Class of Polish electric locomotive

EP08 (also manufactured as Pafawag 102E) is the name for a Polish electric locomotive used by the Polish railway operator Polskie Koleje Państwowe (PKP), produced between 1972 and 1976 in Pafawag, Wrocław. The construction is based on the EU07 locomotive.

==History==
In the 1970s PKP intended to increase speed of Polish passenger trains, which resulted mainly in building CMK line (Trunk Line) and the modernisation of EU05 locomotives into EP05 series. Meanwhile a project was opened to introduce new electric locomotives able to pull trains with speeds upwards of 125 km/h, based on British EU06 and local EU07 machines.

In 1972 the first prototype left Pafawag works and until 1976 a total number of 15 units had been produced. Further production was ceased due to huge orders of freight locomotives and insufficient funds for importing foreign parts for the machine.

EP08 were the first locomotives in Poland to exceed the top speed limit of 125 km/h and contributed (alongside the EP05 class) to the fast development of high-speed passenger connections.
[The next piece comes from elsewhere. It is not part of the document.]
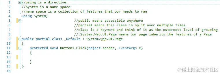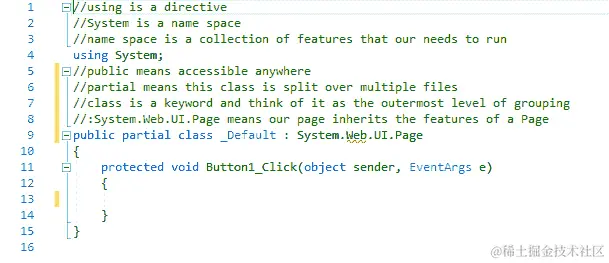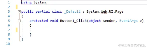 现在让我们逐行通过代码的创建。因此,从以protected void Button1_Click...开头的行开始,在一组花括号中输入以下内容:

All machines of this class are stationed in Warsaw but, as top speed on Warsaw-Poznań line had been increased to 160 km/h, they are no longer used on a regular basis and serve as auxiliary machines, mostly pulling trains from Warsaw to Zakopane.
Since 2015, EP08 began receiving major repair and modernizations in ZNTK Oleśnica, later Olkol Oleśnica. Halogen headlights were installed, air conditioning was added, modern radiotelephones were added (except 001), and multiple steering parts were removed (again except 001).
==Technical data==
As the EP08 is tightly based on EU06 and EU07 locomotives it is important to compare those series while writing about technical features. EP08 is a Bo′Bo′ locomotive with four axles mounted on two bogies. Each axle is propelled separately by an EE541a traction motor. The cab has two identical crew compartments on both ends.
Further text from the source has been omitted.